Taxiing is one of the riskiest phases on the ground. Runway incursions, where an aircraft enters a runway or taxiway it has not been cleared for, and disorientation in low visibility are among aviation’s most serious ground-safety concerns. A pilot receives a rapid taxi clearance over the radio, holds it in their head, and translates it onto a chart while the aircraft is already moving. I joined an Airbus Research and Technology team building a cockpit moving-map tool to make that safer and faster.
I was the only designer on the project. The role was framed internally as UI, because UX as a discipline was still unfamiliar in an engineering and human-factors culture. An early engineering proof of concept already existed, and I built the interface on top of it, with design decisions running through me, while still early in my career. Part of the work was making the case for research in a room that did not yet have the concept.
Shadowing controllers and observing pilots in simulator training, I noticed that everyone improvised. Pilots scribbled clearances onto whatever scrap of paper was within reach, or onto the chart itself, while listening. So I designed a scratchpad, a notepad-style popup they could write on directly with a finger.
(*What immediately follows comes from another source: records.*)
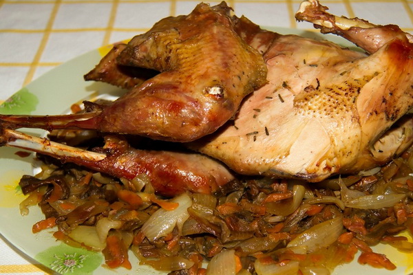 Ingrédients 1 carcasse de lapin pesant 1,5 kg., 4 oignons, 100 g. Noix pelées, 200 g. Champignons forestiers (frais), 50 g. Beurre, 100 g. Raisins, poivre, sel, herbes pour la décoration.
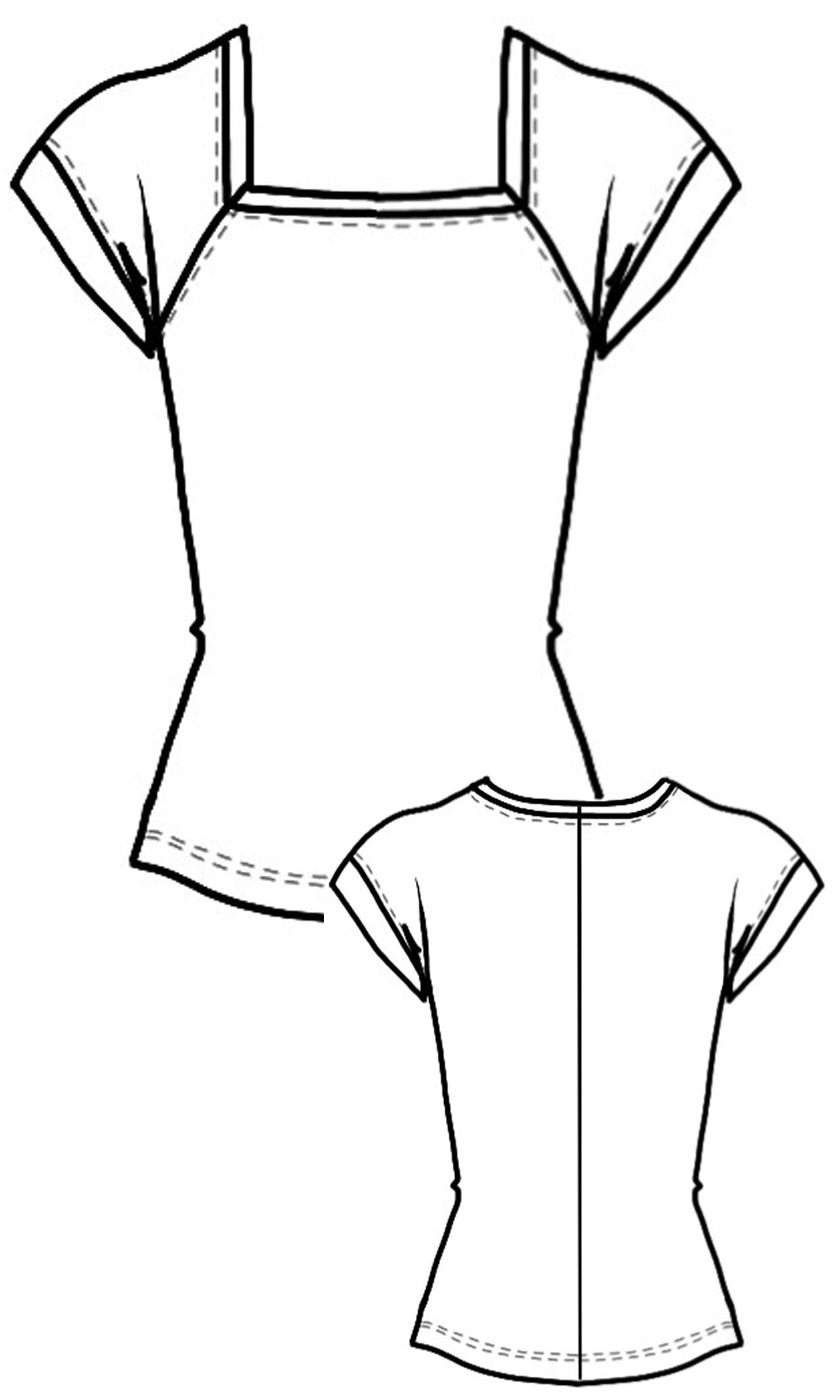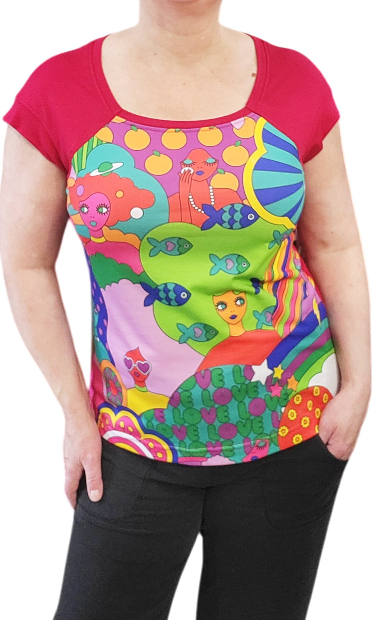 - Details: Front graphic panel, square neck, raglan yoke with extended cap sleeves.
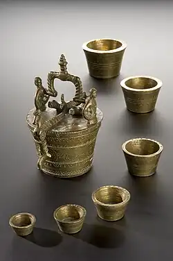 Se conoce como ponderal de vasos anidados o simplemente ponderal, a un conjunto de pesas de metal con forma troncocónica que tienen un aspecto parecido a un vaso. Encajan unas en otras, de tal forma que la última o mayor dispone de una tapa donde pueden colocarse todas las demás. La pieza más grande se llama guardador y la más pequeña que generalmente es maciza se llama disco. Cada uno de los vasos pesa la mitad del anterior, excepto el disco que repite el peso del último vaso. Generalmente se empleaban con una balanza para pesar metales preciosos como oro o plata. Cuando estaban destinados a establecimientos públicos de compra y venta de metales, la precisión de las pesas debía verificarse periodicamente para evitar fraudes, por lo que poseían una marca que era el comprobante de su fiabilidad. Los ponderales de vasos anidados se utilizaron desde el siglo XIV al XIX, aunque la mayoría de los que se conservan proceden de los siglos XVI, XVII o XVIII. Solían fabricarse en la ciudad de Nuremberg en Alemania, desde donde se exportaban a otros países.[1]
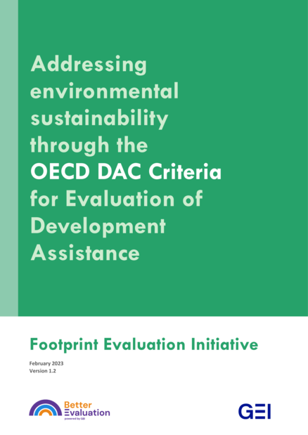 "This document discusses how the six evaluation criteria of the OECD DAC (Organization for Economic Co-Operation and Development – Development Assistance Committee) can be used to get environmental sustainability on the agenda for evaluations and monitoring. These criteria are widely used in international development organisations, and similar criteria are often used in other organisations. This document is based on existing guidance produced by OECD DAC (OECD, 2021) with additional commentary from the members of the Footprint Evaluation Initiative." (Summary, page 1)
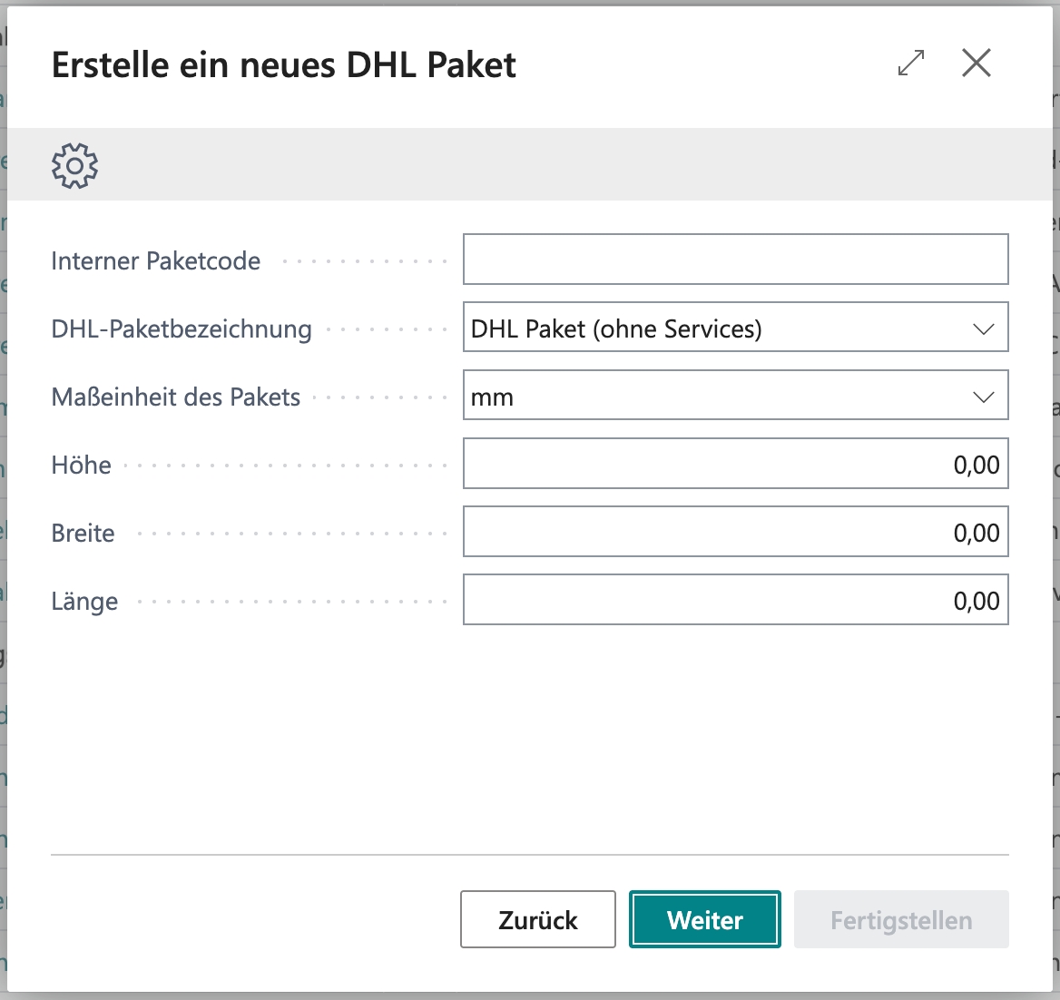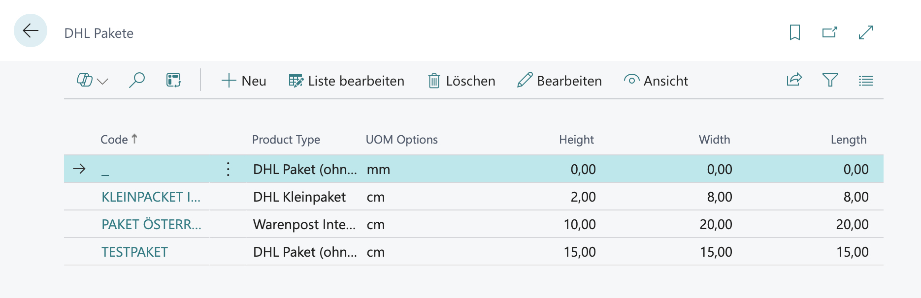 In this setup, you define the packaging types available for shipment. You specify their dimensions and assign the corresponding DHL parcel or packet type.
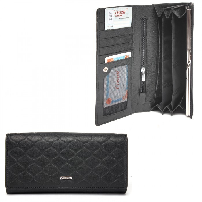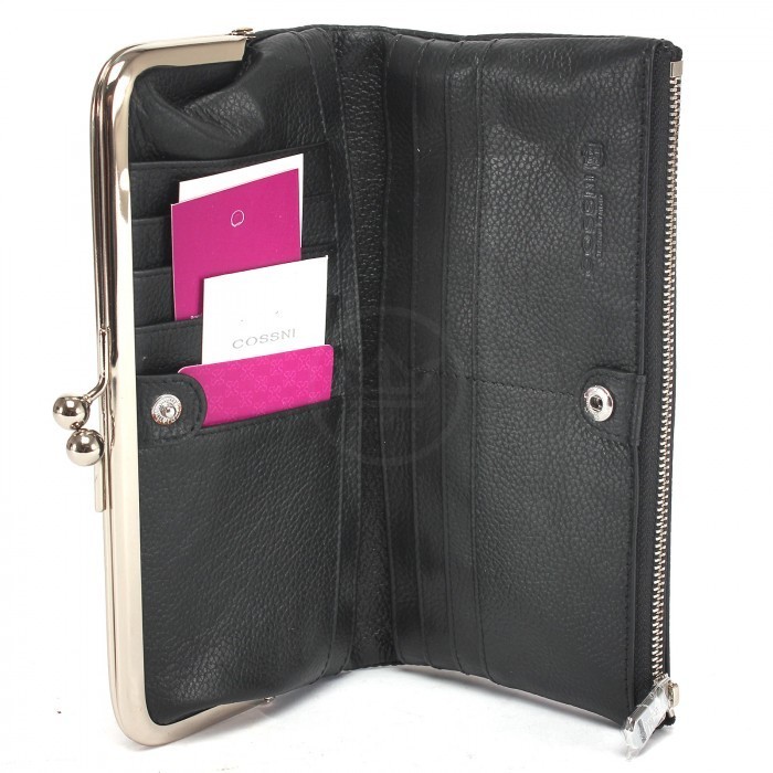 Кошелек женский натуральная кожа Cossni-505920,  защелка внутри,  6отд,  10карм,  черный 224957

Alongside it, I designed the route input itself: tap a taxiway to select it, or drag across the map to draw the cleared path like a highlighter. Status colours followed the avionics convention pilots already trusted, separating what they had entered from what the system supplied.
The concept was validated and evolved after I left, shipping to market as NAVBLUE Airport+. The touch-interaction sequences I designed are the ones illustrated in Airbus’s taxiing-path patent.
The lesson stuck: design from what people do, not what they say they need. The scratchpad came from watching a workaround nobody had thought to mention, and I have hunted for that signal ever since.